Using two greenhouse gas concentration scenarios (RCP6.0 and RCP8.5) which was developed by the Intergovernmental Panel on climate change, the researchers simulated the accessibility and suitability of the low-lying Sundarbans areas.
The analysis done in the research includes external factors such as erratic weather events and the rise in sea levels. While discussing the research Mukul said that they used the occupancy data of the tigers based upon their pugmarks, which are unique for every individual. Using this, they traced the future distribution of tigers in the Sundarbans across Bangladesh.
He also added that the sea levels are expected to rise in the range between 38cm to 73cm for RCP6.0 and 52cm to 98cm for RCP 8.5 by the year 2100. It is being said that climate change alone can decrease the existing tiger population by more than 95% by the year 2050 and 2070.
Whatever scenario is played out, in any case, one thing which is common is that the tiger population in Sundarbans would be reduced and limited to a small area by 2050. This simulation doesn’t account for additional factors like disease outbreak or cases of poaching or lack of prey in their natural habitat.
Created as a tiger reserve in 1973, Sundarban was constituted as a Reserve Forest in 1978. In India, Sundarbans is spread over the district of North 24 Parganas and South 24 Parganas. Covering an area of roughly 4,200 sq km of the reserve forest and a total of 5,400 sq km of non-forested area. Over the years, there have been 28% increase in the core area as well as buffer area was also increased. However, things haven’t been all happy merry as this increase in the buffer zone has left the fishing area within a very small region.

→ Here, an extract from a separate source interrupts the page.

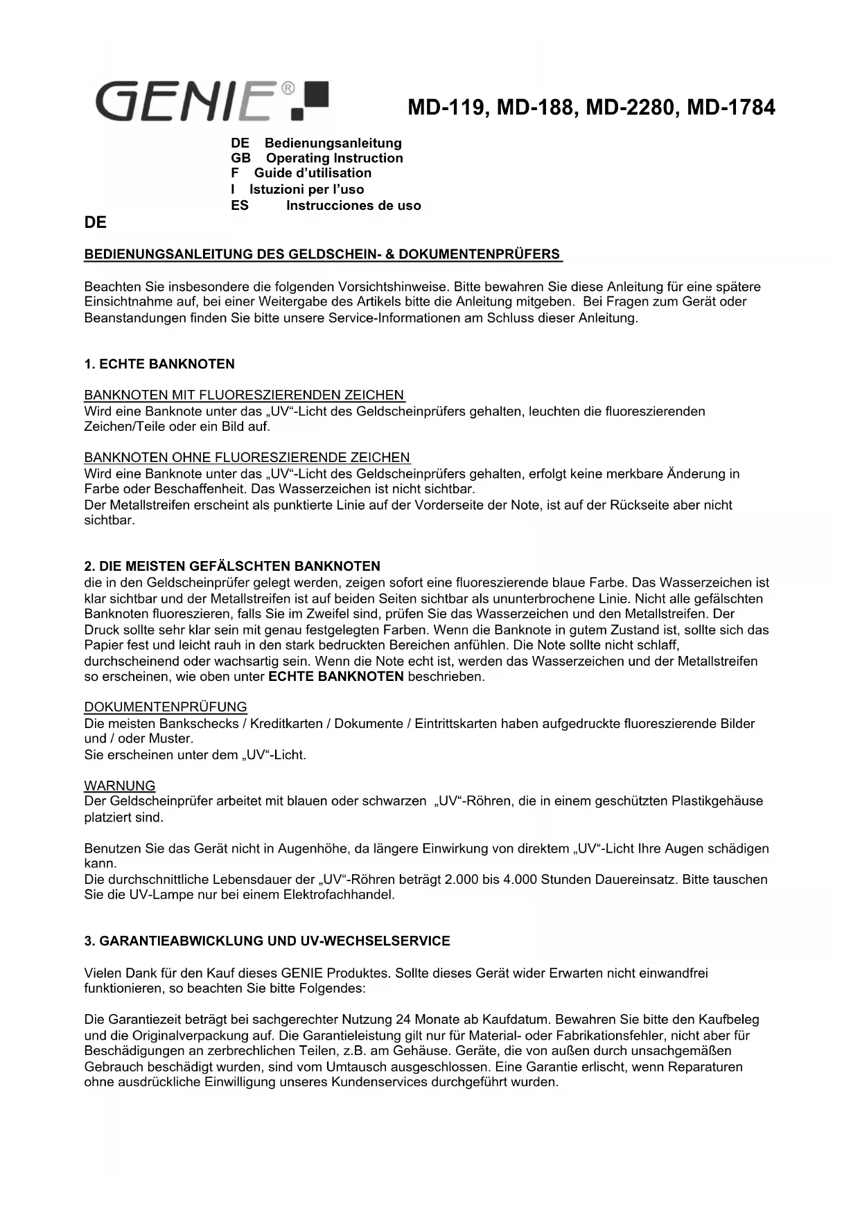 MD 188 - Détecteur Genie - Notice d'utilisation et mode d'emploi gratuit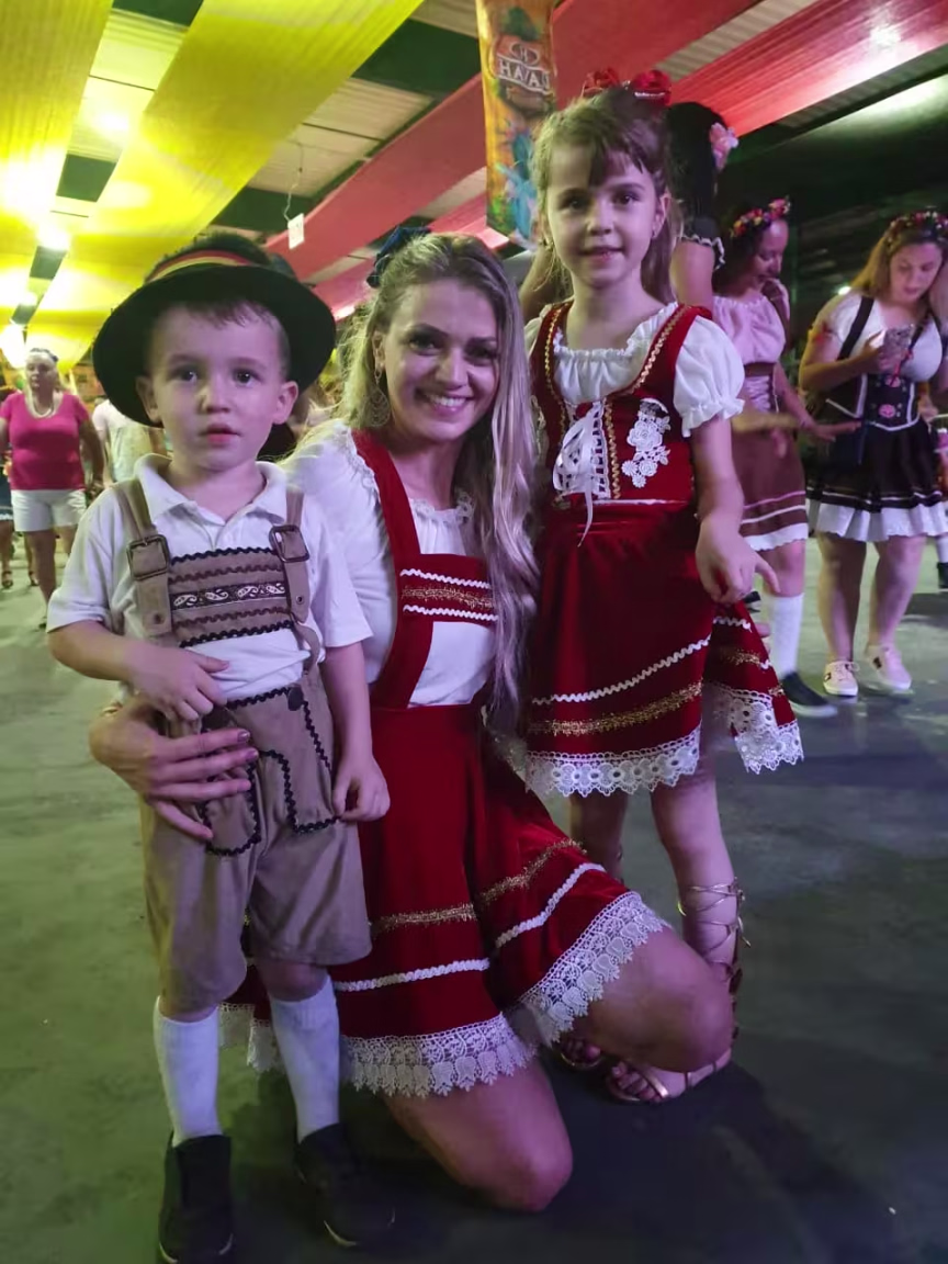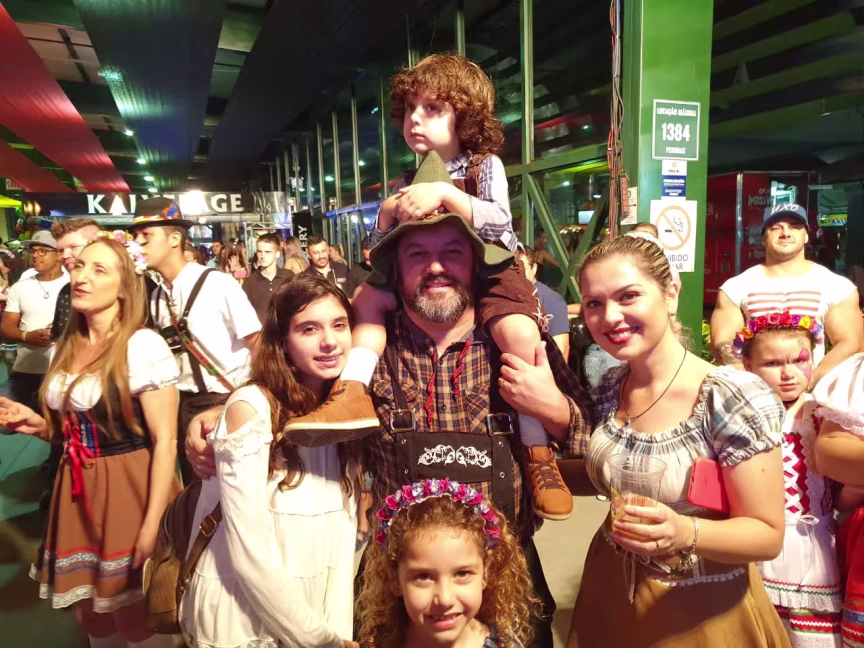 Já a família Mafra, vindos de Itajaí, compareceu em peso na festa. Samanta e Fábio, também trouxeram seus filhos, José de quatro, Laura de seis e, Maria Clara com doze anos para a Fenarreco. Também com trajes alemães, curtiram todos as músicas da Banda D’Fiedes que se apresentou no palco cultural entre 21h e 23h30min. “Minha filha Laura, fala alemão, é youtuber e tem grande conhecimento da cultura germânica. Estamos sempre na Fenarreco porque ela resgata a cultura e é um ambiente familiar”, comenta Samanta.

Professor Bill Laurance who was a co-author of the study and who is a professor at James Cook University in Australia emphasised on the importance of Sundarbans, during a press release. He added that the more of the Sundarbans that we conserve the more resilient Sundarbans would be to future climatic extremes and rising sea levels.
He also added that there is no other place like Sundarbans and we have to look after it and care for this iconic and unique ecosystem if we wish to preserve endangered species like Bengal Tigers.